» Action item:
For this exercise, copy exactly the lines below from the one with "Der Schützenverein Geiselbullach" through the one with "الموضوع الرابع: توفيق" and leave out the pictures.

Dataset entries
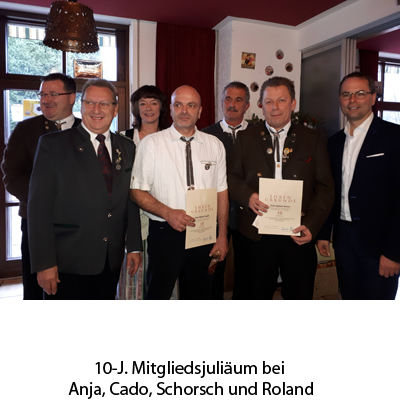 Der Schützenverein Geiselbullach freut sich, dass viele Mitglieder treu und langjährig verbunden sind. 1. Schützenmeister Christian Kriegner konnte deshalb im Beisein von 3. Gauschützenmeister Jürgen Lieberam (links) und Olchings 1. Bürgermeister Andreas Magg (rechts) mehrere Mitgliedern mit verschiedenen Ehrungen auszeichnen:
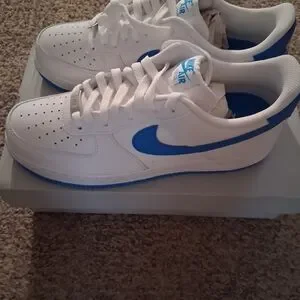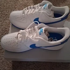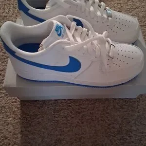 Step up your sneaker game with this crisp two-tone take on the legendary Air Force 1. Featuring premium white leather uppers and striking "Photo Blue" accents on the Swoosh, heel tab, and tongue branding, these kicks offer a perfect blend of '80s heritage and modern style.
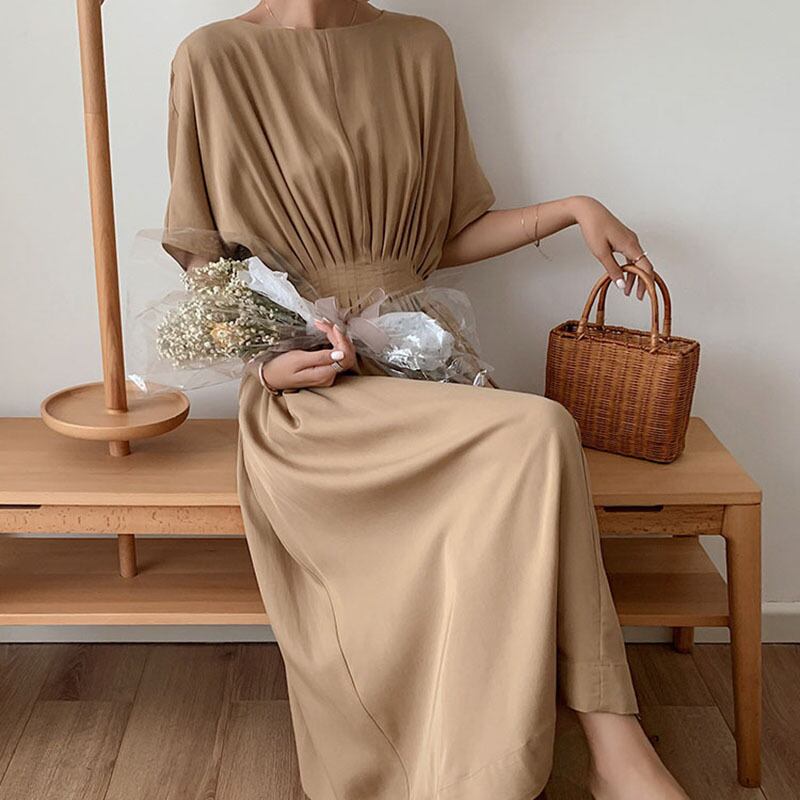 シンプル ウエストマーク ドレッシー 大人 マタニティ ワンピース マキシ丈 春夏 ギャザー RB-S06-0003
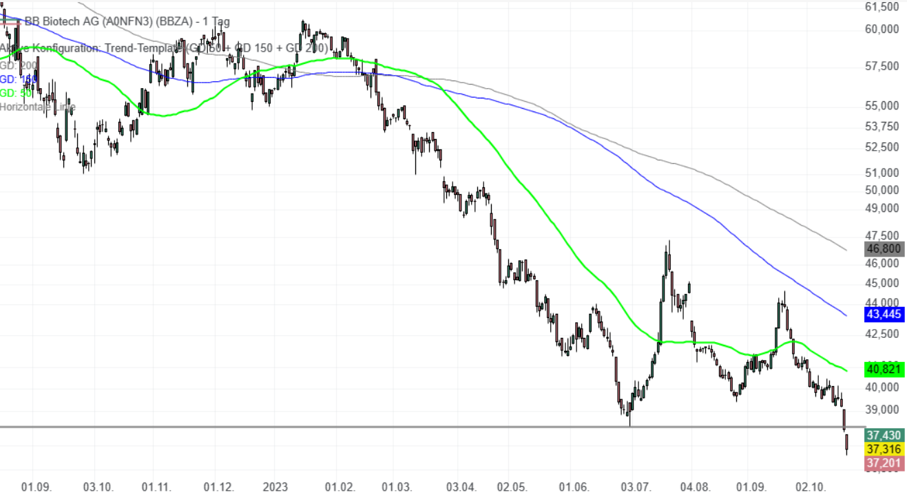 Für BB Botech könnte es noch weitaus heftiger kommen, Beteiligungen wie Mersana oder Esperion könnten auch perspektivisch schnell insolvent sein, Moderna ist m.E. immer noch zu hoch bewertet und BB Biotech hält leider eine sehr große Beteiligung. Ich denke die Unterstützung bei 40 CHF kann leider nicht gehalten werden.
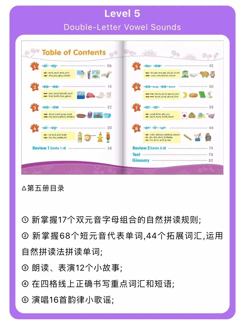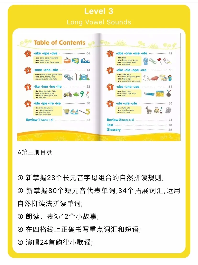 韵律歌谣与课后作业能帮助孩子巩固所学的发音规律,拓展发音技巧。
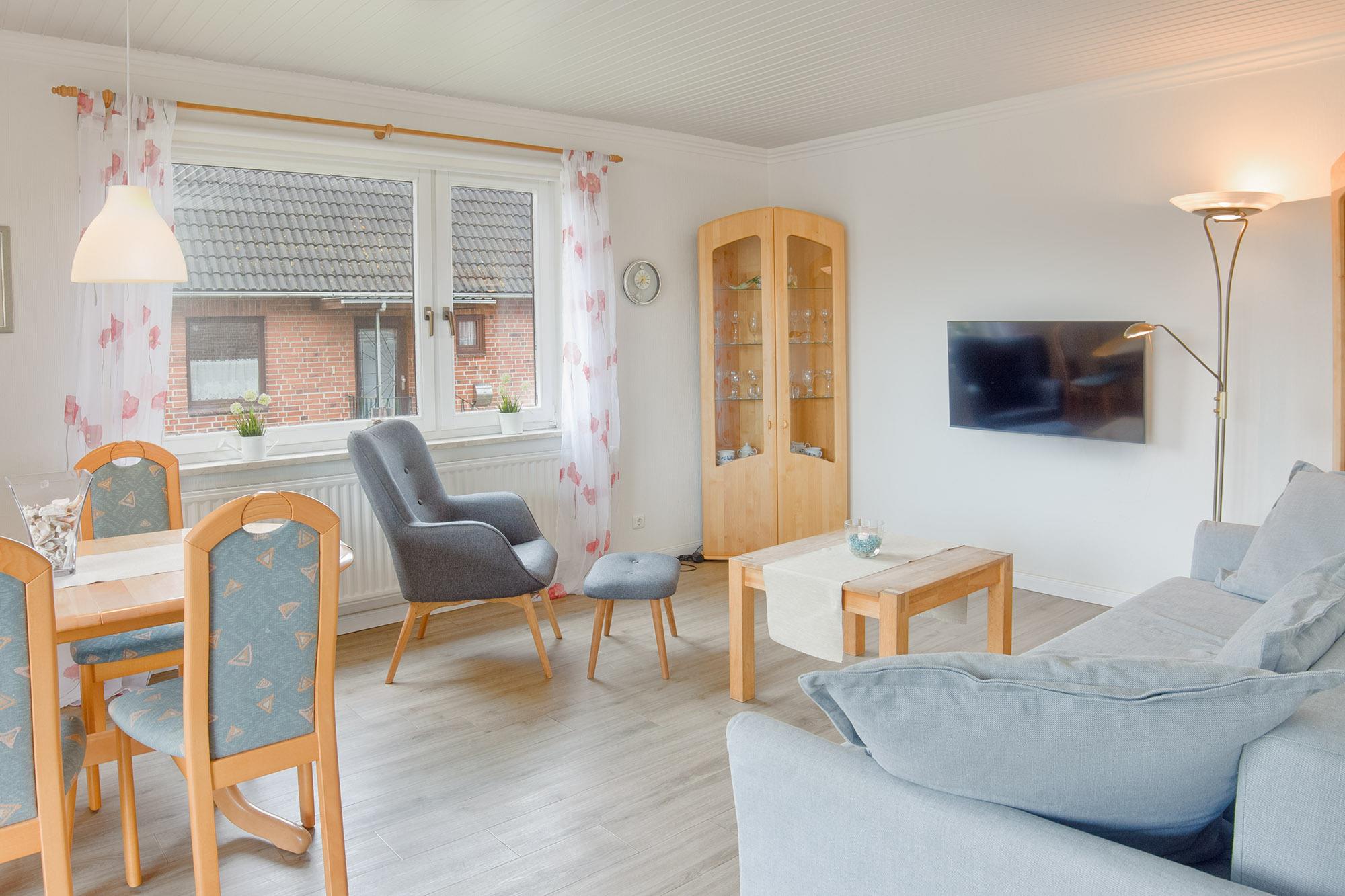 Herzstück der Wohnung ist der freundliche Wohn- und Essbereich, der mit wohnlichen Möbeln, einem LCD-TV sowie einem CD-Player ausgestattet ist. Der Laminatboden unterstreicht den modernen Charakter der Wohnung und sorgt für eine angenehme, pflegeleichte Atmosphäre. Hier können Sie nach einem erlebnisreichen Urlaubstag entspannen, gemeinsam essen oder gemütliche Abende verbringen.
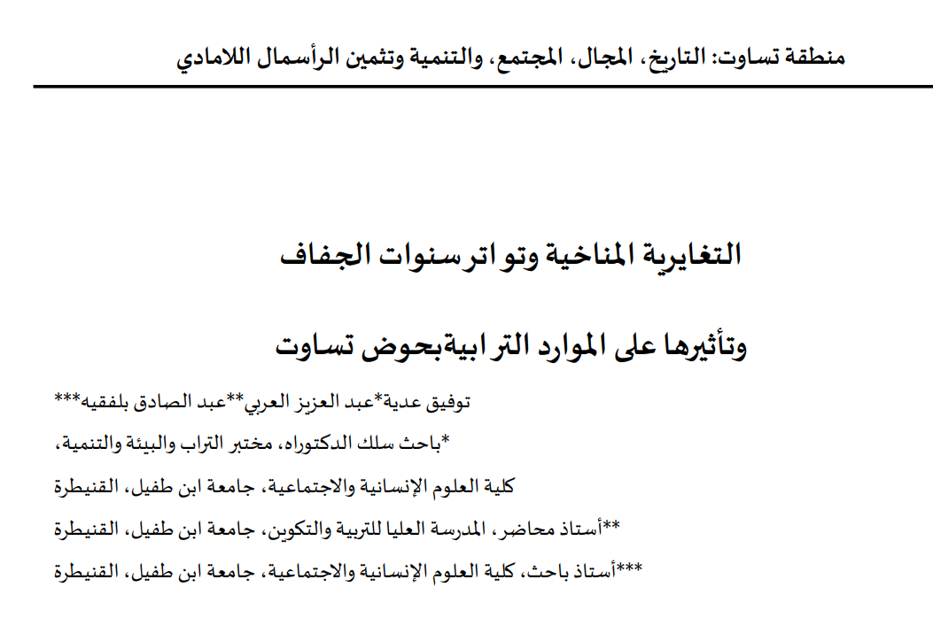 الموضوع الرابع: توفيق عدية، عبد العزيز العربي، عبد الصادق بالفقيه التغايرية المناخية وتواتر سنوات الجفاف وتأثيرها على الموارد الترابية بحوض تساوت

==

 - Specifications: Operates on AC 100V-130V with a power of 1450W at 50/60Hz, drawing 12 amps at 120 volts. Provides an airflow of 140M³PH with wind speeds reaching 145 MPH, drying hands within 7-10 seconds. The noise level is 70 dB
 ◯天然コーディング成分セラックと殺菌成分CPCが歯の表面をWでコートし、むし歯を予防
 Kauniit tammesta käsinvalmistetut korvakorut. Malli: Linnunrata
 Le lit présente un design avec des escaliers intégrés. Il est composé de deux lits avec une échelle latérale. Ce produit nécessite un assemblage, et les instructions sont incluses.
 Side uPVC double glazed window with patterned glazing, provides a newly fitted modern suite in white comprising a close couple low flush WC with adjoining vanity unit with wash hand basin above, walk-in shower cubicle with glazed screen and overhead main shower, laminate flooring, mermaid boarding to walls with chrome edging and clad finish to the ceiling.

» Exercise output:
 Der Schützenverein Geiselbullach freut sich, dass viele Mitglieder treu und langjährig verbunden sind. 1. Schützenmeister Christian Kriegner konnte deshalb im Beisein von 3. Gauschützenmeister Jürgen Lieberam (links) und Olchings 1. Bürgermeister Andreas Magg (rechts) mehrere Mitgliedern mit verschiedenen Ehrungen auszeichnen:
 Step up your sneaker game with this crisp two-tone take on the legendary Air Force 1. Featuring premium white leather uppers and striking "Photo Blue" accents on the Swoosh, heel tab, and tongue branding, these kicks offer a perfect blend of '80s heritage and modern style.
 シンプル ウエストマーク ドレッシー 大人 マタニティ ワンピース マキシ丈 春夏 ギャザー RB-S06-0003
 Für BB Botech könnte es noch weitaus heftiger kommen, Beteiligungen wie Mersana oder Esperion könnten auch perspektivisch schnell insolvent sein, Moderna ist m.E. immer noch zu hoch bewertet und BB Biotech hält leider eine sehr große Beteiligung. Ich denke die Unterstützung bei 40 CHF kann leider nicht gehalten werden.
 韵律歌谣与课后作业能帮助孩子巩固所学的发音规律,拓展发音技巧。
 Herzstück der Wohnung ist der freundliche Wohn- und Essbereich, der mit wohnlichen Möbeln, einem LCD-TV sowie einem CD-Player ausgestattet ist. Der Laminatboden unterstreicht den modernen Charakter der Wohnung und sorgt für eine angenehme, pflegeleichte Atmosphäre. Hier können Sie nach einem erlebnisreichen Urlaubstag entspannen, gemeinsam essen oder gemütliche Abende verbringen.
 الموضوع الرابع: توفيق عدية، عبد العزيز العربي، عبد الصادق بالفقيه التغايرية المناخية وتواتر سنوات الجفاف وتأثيرها على الموارد الترابية بحوض تساوت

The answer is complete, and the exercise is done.